(SOURCE MATERIAL Opens)

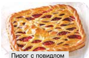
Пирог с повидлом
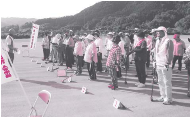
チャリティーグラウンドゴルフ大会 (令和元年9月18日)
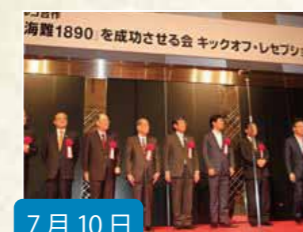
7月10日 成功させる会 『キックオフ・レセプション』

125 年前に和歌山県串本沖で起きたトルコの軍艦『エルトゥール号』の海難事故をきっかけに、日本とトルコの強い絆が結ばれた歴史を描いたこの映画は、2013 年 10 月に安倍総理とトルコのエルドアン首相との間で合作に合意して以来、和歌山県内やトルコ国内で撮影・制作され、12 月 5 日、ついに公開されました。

(SOURCE MATERIAL Closes)
(SOURCE MATERIAL Opens)

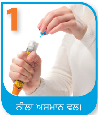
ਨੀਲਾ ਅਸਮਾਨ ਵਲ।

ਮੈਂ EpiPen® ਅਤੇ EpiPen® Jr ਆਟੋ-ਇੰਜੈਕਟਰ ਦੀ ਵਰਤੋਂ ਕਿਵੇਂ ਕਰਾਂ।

(SOURCE MATERIAL Closes)

### WHAT IS EXPECTED
Range to copy from the records above: the line containing "Пирог с повидлом" to the line containing "月 5 日、ついに公開されました。", both included. Output those lines exactly and only those, skipping pictures.

### OUTPUT
Пирог с повидлом
チャリティーグラウンドゴルフ大会 (令和元年9月18日)
7月10日 成功させる会 『キックオフ・レセプション』

125 年前に和歌山県串本沖で起きたトルコの軍艦『エルトゥール号』の海難事故をきっかけに、日本とトルコの強い絆が結ばれた歴史を描いたこの映画は、2013 年 10 月に安倍総理とトルコのエルドアン首相との間で合作に合意して以来、和歌山県内やトルコ国内で撮影・制作され、12 月 5 日、ついに公開されました。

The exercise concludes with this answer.